_DATASET EXTRACT:_
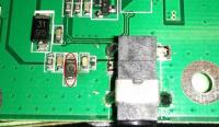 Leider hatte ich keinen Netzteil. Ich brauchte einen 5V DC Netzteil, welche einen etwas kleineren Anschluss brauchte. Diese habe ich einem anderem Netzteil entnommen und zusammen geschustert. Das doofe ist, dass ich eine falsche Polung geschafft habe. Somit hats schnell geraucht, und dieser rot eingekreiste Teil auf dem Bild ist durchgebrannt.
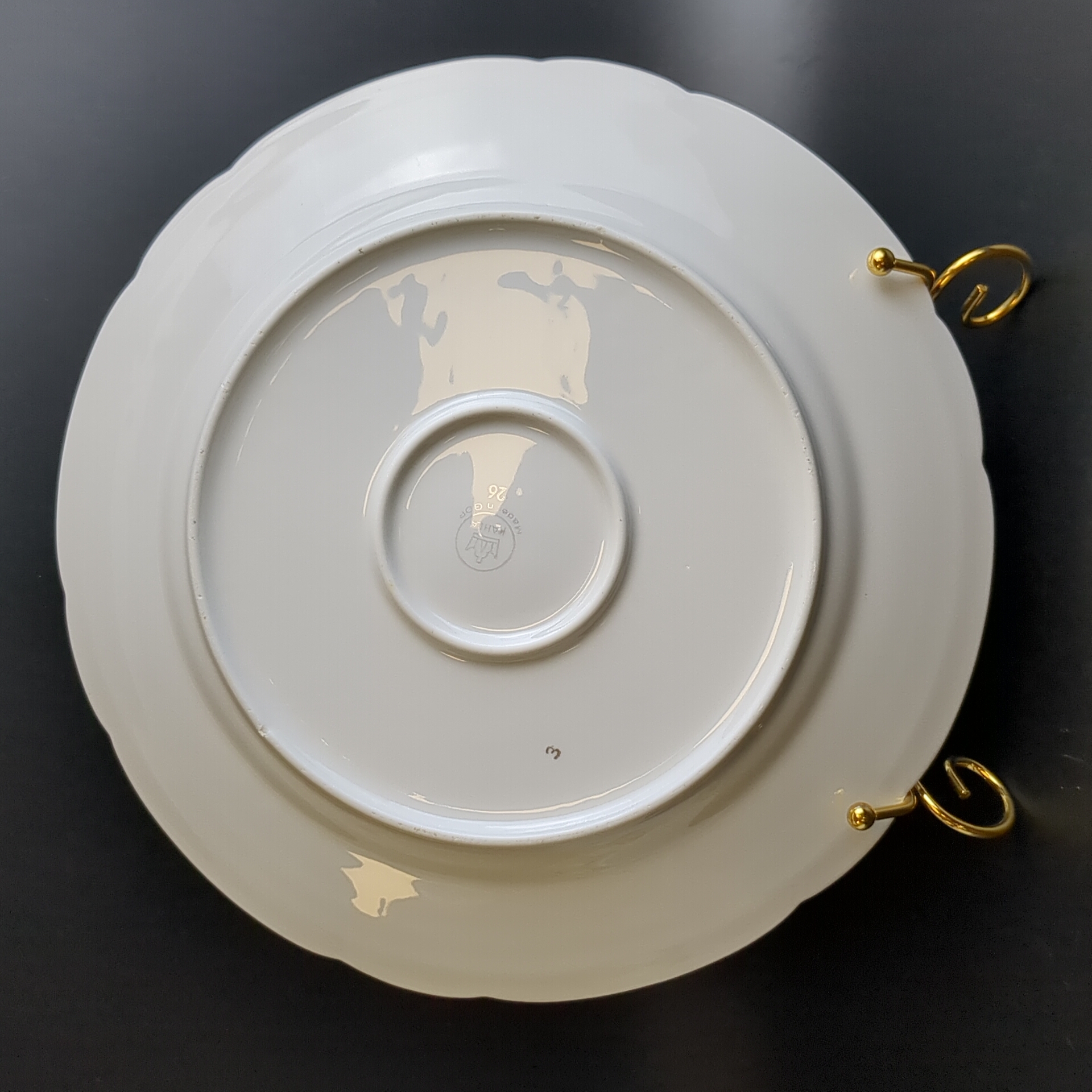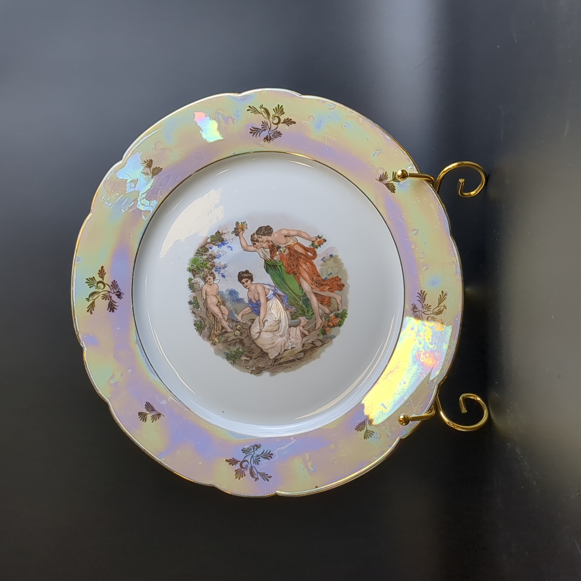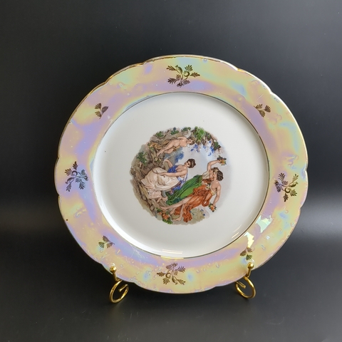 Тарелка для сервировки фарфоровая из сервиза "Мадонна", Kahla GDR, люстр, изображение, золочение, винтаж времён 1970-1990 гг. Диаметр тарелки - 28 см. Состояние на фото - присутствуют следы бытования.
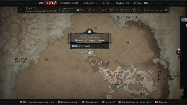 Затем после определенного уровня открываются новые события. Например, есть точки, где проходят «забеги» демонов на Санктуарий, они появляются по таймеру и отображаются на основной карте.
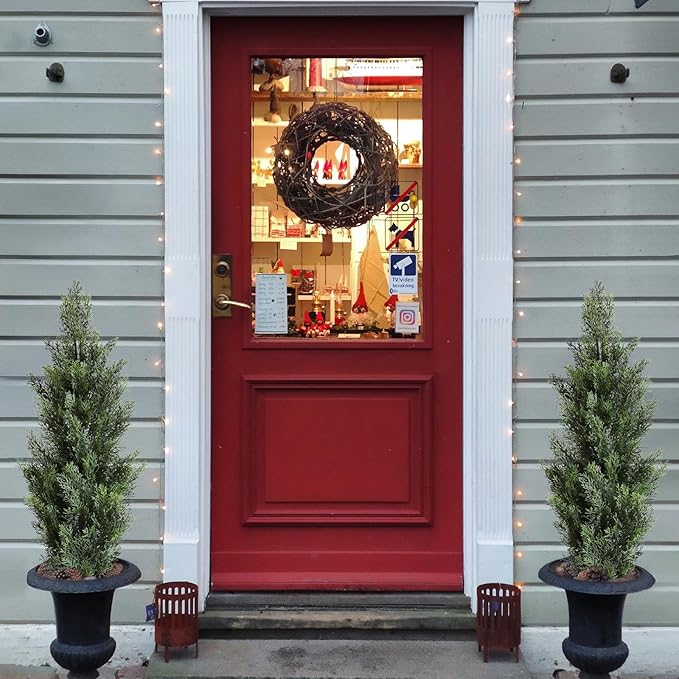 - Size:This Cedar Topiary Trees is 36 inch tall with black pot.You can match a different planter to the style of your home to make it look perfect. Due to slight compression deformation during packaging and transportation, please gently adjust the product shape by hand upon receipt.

* * *

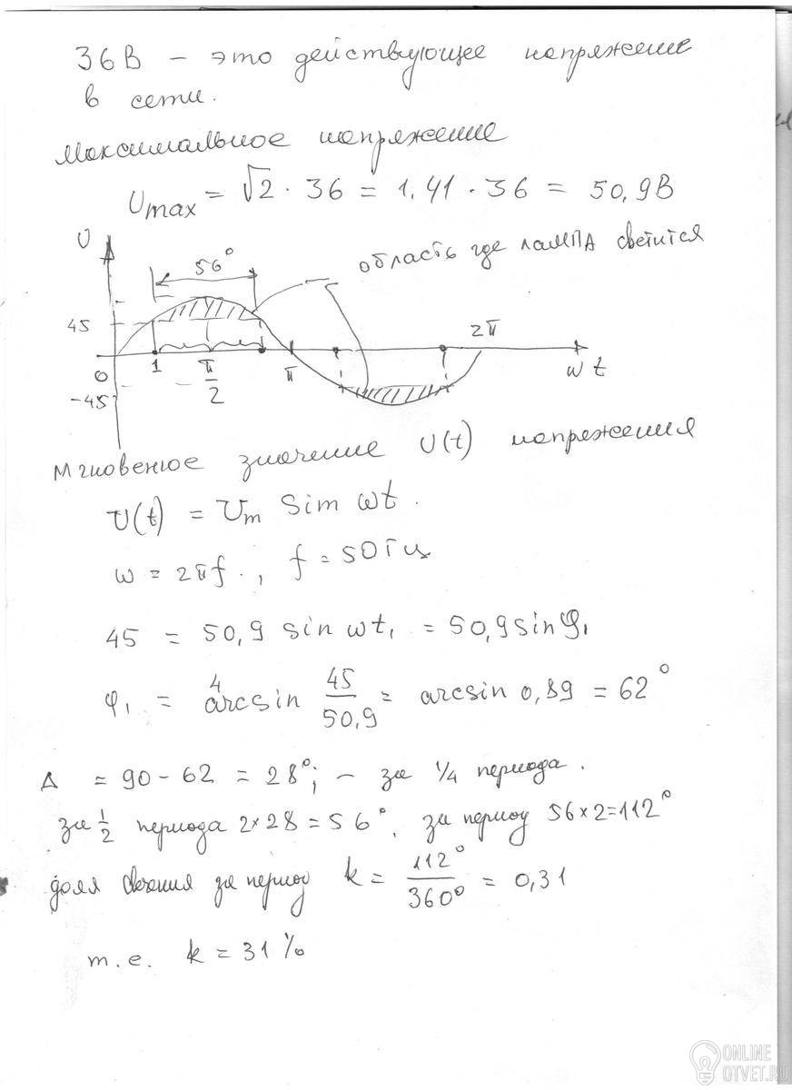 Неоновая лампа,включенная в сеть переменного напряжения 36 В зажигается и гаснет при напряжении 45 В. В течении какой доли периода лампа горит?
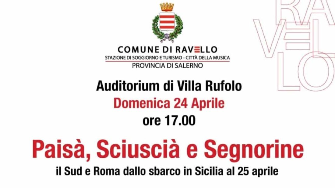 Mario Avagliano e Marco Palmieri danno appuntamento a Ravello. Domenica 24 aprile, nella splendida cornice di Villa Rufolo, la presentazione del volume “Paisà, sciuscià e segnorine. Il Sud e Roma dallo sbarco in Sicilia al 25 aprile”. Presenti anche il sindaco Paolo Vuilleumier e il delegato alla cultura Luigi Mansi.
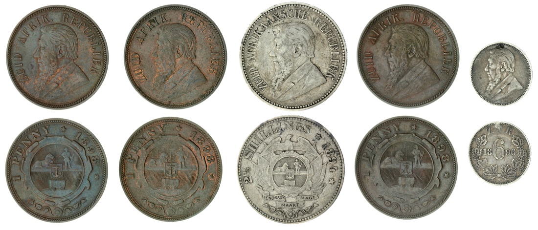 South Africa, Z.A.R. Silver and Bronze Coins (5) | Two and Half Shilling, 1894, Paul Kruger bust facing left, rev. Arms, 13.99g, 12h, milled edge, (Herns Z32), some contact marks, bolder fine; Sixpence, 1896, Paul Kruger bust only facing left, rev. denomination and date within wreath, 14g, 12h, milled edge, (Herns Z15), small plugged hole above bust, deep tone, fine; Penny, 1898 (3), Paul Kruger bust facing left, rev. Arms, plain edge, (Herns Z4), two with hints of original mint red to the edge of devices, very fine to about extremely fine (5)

_TASK OBJECTIVE:_ Excluding any pictures, print exactly the lines of the listing above from the line with "Неоновая лампа,включенная в" to the line with "Mario Avagliano e", both ends included.

_RESPONSE TO THIS TASK:_
 Неоновая лампа,включенная в сеть переменного напряжения 36 В зажигается и гаснет при напряжении 45 В. В течении какой доли периода лампа горит?
 Mario Avagliano e Marco Palmieri danno appuntamento a Ravello. Domenica 24 aprile, nella splendida cornice di Villa Rufolo, la presentazione del volume “Paisà, sciuscià e segnorine. Il Sud e Roma dallo sbarco in Sicilia al 25 aprile”. Presenti anche il sindaco Paolo Vuilleumier e il delegato alla cultura Luigi Mansi.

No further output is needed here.